I was in a meeting earlier, and I came up with a simple way to test your degree of ambidexterity. I totally made this up, so if sucks, you know why.
Ok, let's start with a simple manual activity...
With each hand, start by touching your thumb to your index finger. You will end up with the A-OK sign. Now, for both hands at the same time, switch to a thumb-middle finger connection. Next, switch to a thumb-ring finger connection, and finally, a thumb-pinky connection. You can now repeat this in reverse order going from your pinky back to your index finger.
This is a simple hand exercise that can be done with both hands simultaneously over and over again... forward from index to pinky back to the index back to the pinky, etc.
Now, for the much more challenging ambidextrous part. With your right hand start with the thumb-index finger connection. But, with your left hand start with the thumb-middle finger connection. In lock-step, both hands should work through the exercise described above quickly. With an offset of a single finger-step, it gets to be quite difficult. If you are able to do this just as quickly as you could do it when both hands were producing the same connections, then you're more ambidextrous than most.

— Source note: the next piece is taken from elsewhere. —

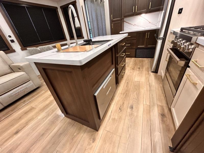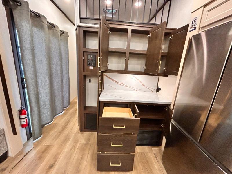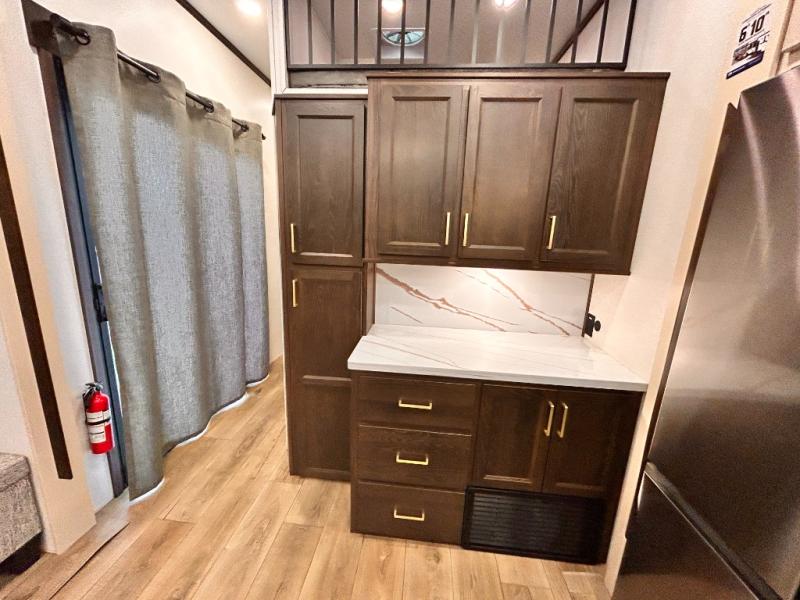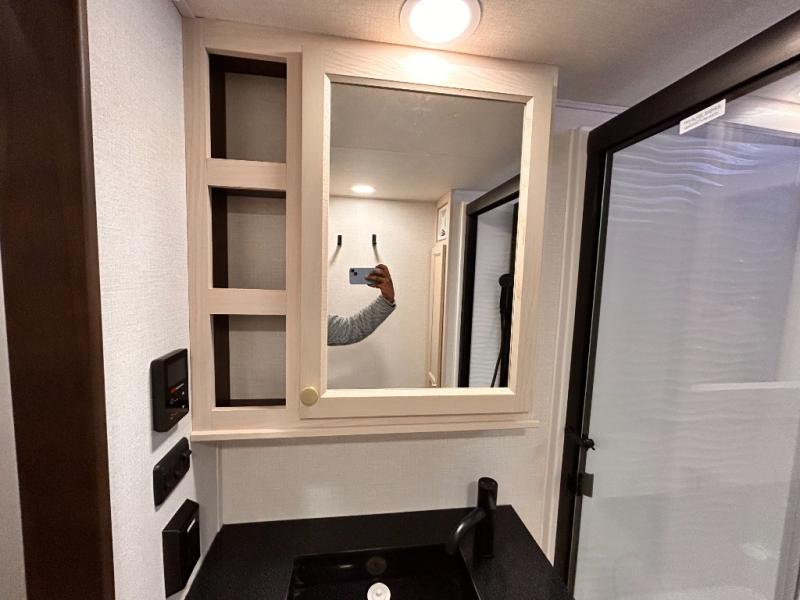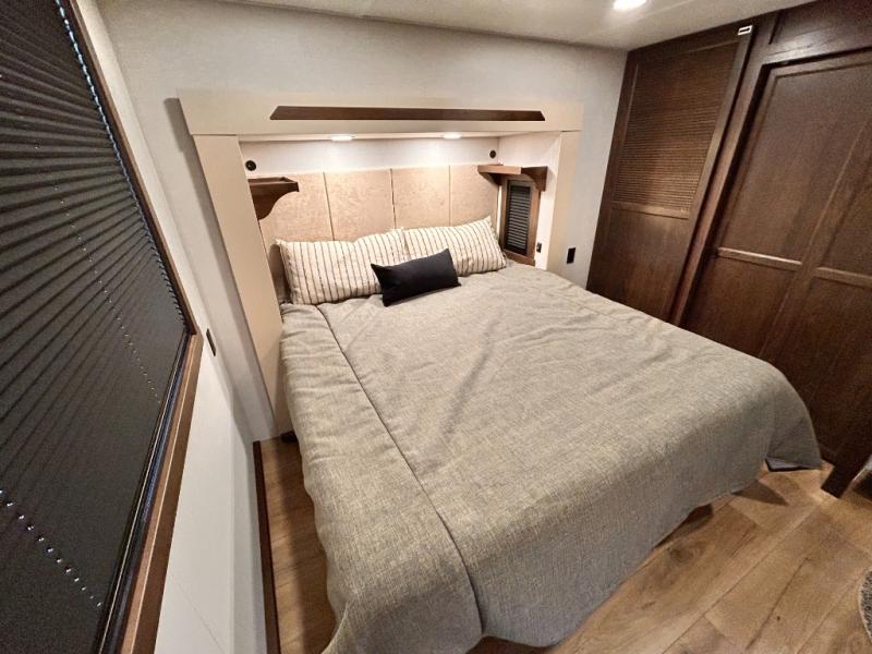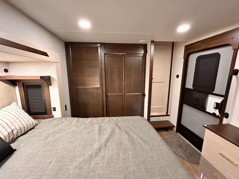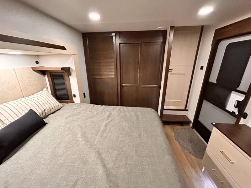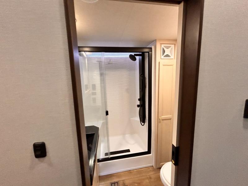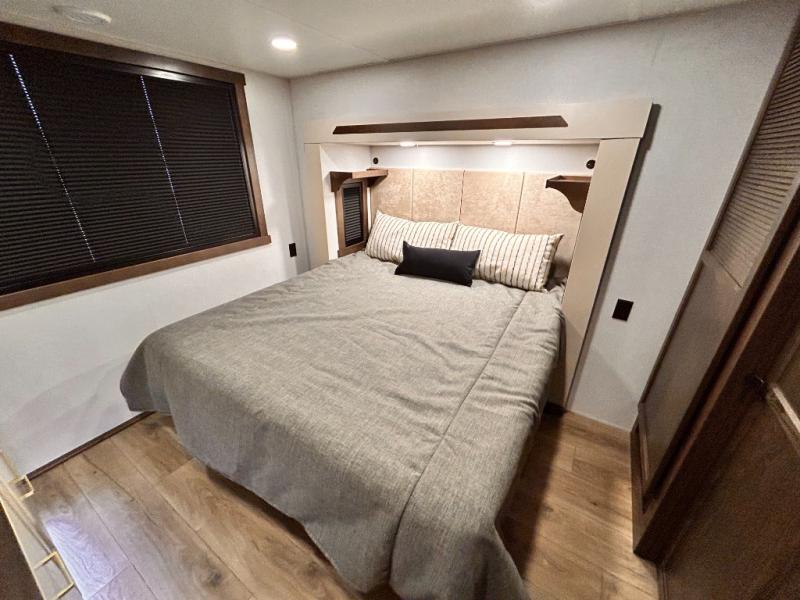 With any Cedar Creek Cottage destination trailer by Forest River, you can enjoy extended stays with residential features at the location of your choice! Each model is built with 3M bonded sidewalls that grow stronger with age and are resistant to UV, heat, oil, moisture, and more. There is also an AlphaPly TPO roof membrane, and new waterproof and bug proof Vixenite slide room floor panels for added durability. Head inside where you'll find residential dovetail, self-closing drawers, flush floor slides in the kitchen and living area, a residential style headboard and luxurious bedding decor, and extra storage for linens in the bedroom and bath.

Almost everyone I tested, including myself, had a lot of difficulty doing this. Most screw up at some point such that both hands showed the same connections. Give it a try. I assume that those with previous musical instrument training might find this test easier, which makes sense since the mastering of an instrument undoubtedly adds to ambidexterity.
1 comment:
I am going to make a test for total nutballishness: If you have ever come up with an ambidexterity test during a meeting, you pretty much pass the test.